The other path is: build the substrate. Give the agent persistent memory, typed knowledge, a code intelligence layer, governance that adapts. Instead of scaffolding around statelessness, eliminate statelessness. Instead of scripting the generator-evaluator loop, make it emergent — a natural consequence of stateful agents coordinating through a shared cognitive layer.

I’m building on the second path. I want to be honest about why I think it’s the right one, and where I might be wrong.

What Substrate-Level Memory Changes

I’m building h00bert — an AI agent that runs on h00.sh’s memory substrate. Not a harness wrapped around a stateless LLM. A stateful agent with persistent, typed, behavioral memory.

Here’s how the GAN pattern’s components map to what we’ve built, and where the architectures diverge.

Generator agents. The GAN pattern has one generator. h00bert has specialized worker agents — a Rust expert, a TUI expert, a test engineer, each with domain-specific knowledge. But the real difference isn’t quantity. It’s that h00bert’s generators write typed memories to the substrate as they work. A decision gets stored as a Decision. A pattern gets stored as a Pattern. A code symbol gets indexed in the knowledge graph. These aren’t log entries — they’re typed artifacts with validation rules, decay curves, and surfacing behavior specific to their type.

The evaluator. Anthropic’s key insight — separate the evaluator from the generator — maps directly. h00bert enforces this as an architectural rule: adversarial reviews always use a different agent type than the one that built the code. A quality engineer reviews for correctness. A security engineer reviews for vulnerabilities. An integration auditor checks wiring. Different lenses, not just different prompts.

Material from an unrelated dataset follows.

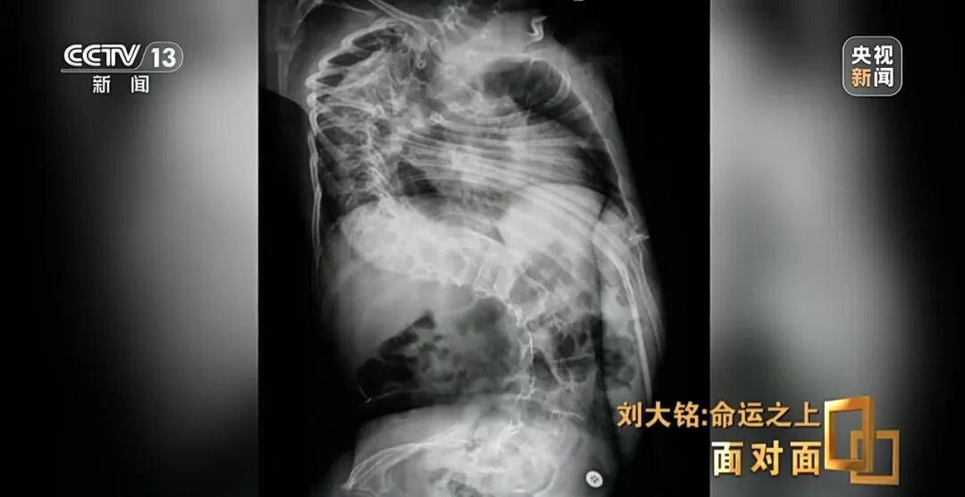 18岁时,刘大铭的病情再度恶化,脊椎严重变形为巨大的S形,整个胃部被挤压成细条状,唯一完好的眼睛,也开始变得模糊,这一年,几乎大半个中国的医院都给他下了“不能手术”的最后宣判。然而,强烈的求生欲望,让刘大铭开始了自我拯救之路。

But here’s where it diverges: the evaluation criteria live in the substrate, not in prompt text. They’re memories — specifically, they’re typed artifacts that reinforce when they catch real issues and decay when they don’t. An evaluation criterion that keeps finding bugs gets strengthened. One that generates false positives fades. The evaluator gets better at evaluating based on what actually matters in this codebase, not based on a generic prompt that a human tuned once.

Sprint contracts. The GAN pattern uses sprint contracts — pre-agreed “done” criteria negotiated between generator and evaluator. h00bert uses something called FRAGOs — tactical decompositions with success criteria that are validated against the actual code knowledge graph before dispatch. You can’t define a sprint contract that references functions that don’t exist or modules that aren’t wired. The substrate enforces that planning artifacts correspond to structural reality.

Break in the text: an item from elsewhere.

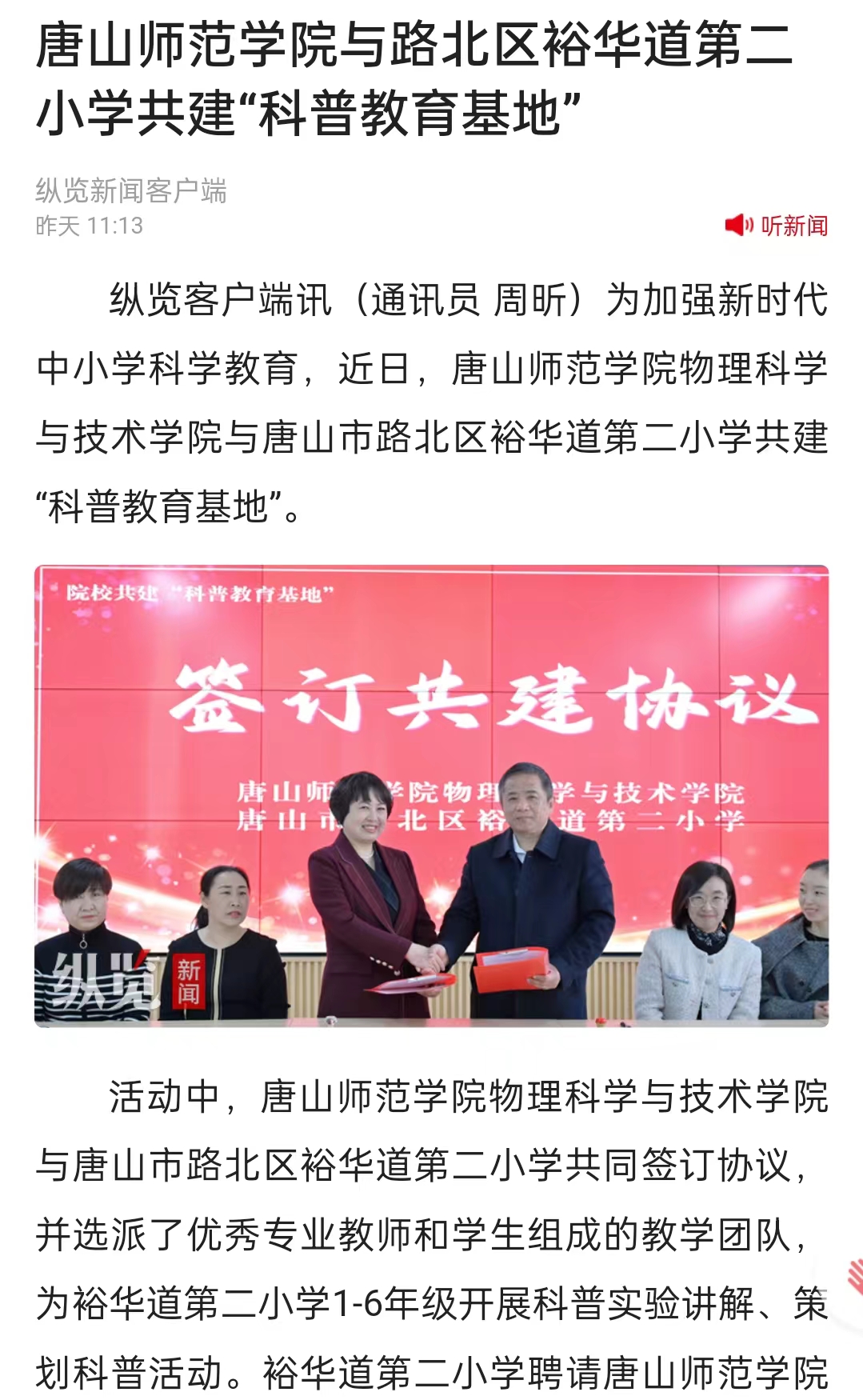 近日,beat365在线唯一官网物理科学与技术学院与唐山市路北区裕华道第二小学共建“科普教育基地”。

The orchestrator. In AutoGAN, the orchestrator is a bash script managing state transitions through flat files. In h00bert, the orchestrator is an AI agent with persistent memory. It doesn’t follow a state machine — it reasons about what to do next based on what it knows, what it’s tried before, and what the substrate surfaces as relevant. The difference matters most when things go wrong. A script follows its control flow. An agent with memory can recognize that this failure looks like one it saw three sessions ago and try a different approach.

Context management. The GAN harness manages context through resets, compaction, and sprint boundaries. h00bert doesn’t need context management strategies because the substrate is the memory. Context windows fill and compact — that’s a model reality. But knowledge persists in the substrate regardless of what happens to the conversation. A decision made in session 1 is retrievable in session 47. Not because someone saved a file. Because the memory substrate is durable by design.

A Concrete Example

I want to ground this in something real, not architectural diagrams.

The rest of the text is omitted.